# Tell Me About This Pattern



## trailhorserider (Oct 13, 2009)

WOW, he's beautiful!!!

I will let the appy experts name the pattern (I would just sort of call him a blanket Appaloosa myself). 

I would think he is mostly if not all Appaloosa. Maybe Pony of the Americas because of his height? But he really looks more "horse" than pony to me. I don't know........ I just wanted to say he is stunning! He will turn heads wherever he goes. Congratulations!


----------



## WhattaTroublemaker (Aug 13, 2013)

I'm thinking varnish roan, because of the white hairs on the face, etc. I'll post a picture of my 3 yo app, he's varnishing out, and has a blanket like yours.


----------



## Triumvirate (Jan 24, 2015)

What a gorgeous horse!!

I don't think he's varnish roan though. But here's a bare bones appy color chart that may give you an idea:


----------



## texasgal (Jul 25, 2008)

Looks like blanketed with spots, with varnish roan. He will likely get lighter and lighter on his head and neck until he resembles a leopard.

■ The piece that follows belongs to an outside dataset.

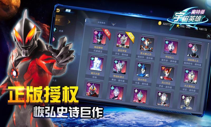 奥特曼3D动作游戏《奥特曼宇宙英雄》震撼来袭!国民级ARPG大作!奥特曼宇宙史诗级还原,经典.传说奥特曼齐登场,告辞枯燥卡牌平面对战,全3D特效酷炫画面体验华丽战斗!一起维护全宇宙的与平!快来集结你的宇宙英雄战队,迎战宇宙怪兽军团。

He's a colorful one! Oh, and some lines of foundation type apps can continue growing until they are 5 or 6 .. but since we don't know his breeding.....


----------



## BlindHorseEnthusiast4582 (Apr 11, 2016)

I would think maybe he's a mix of blanket and leopard patterns?? That's the best I can think of, but even with that his neck looks almost like a grey roan. 


I really don't know for sure but he's stunning regardless!


I also agree with the above that he could be a varnish roan with a blanket, like this one:


----------



## ApuetsoT (Aug 22, 2014)

Looks like Lp/lp Ptn/ptn on black(I don't see any bronzing)


----------



## kiltsrhott (Mar 11, 2012)

When I was showing ApHC years ago, this would have been called "partial leopard" or "near leopard", but these terms can be a bit misleading. Horses like this are usually born with a blanket and then varnish out. They may always look varnish-y, or they might lighten to an almost full leopard. They are basically blanketed appaloosas that also posses the varnish characteristic.


----------



## JewelsOK (Apr 11, 2016)

Thank you everyone! I realized I made a mistake with his age, he is actually 5 according to the vet because he has his adult teeth and canines. So he really probably won't make 14.2 if he is barely 14hh right now? Does this mean he is not an Appaloosa, but a POA instead?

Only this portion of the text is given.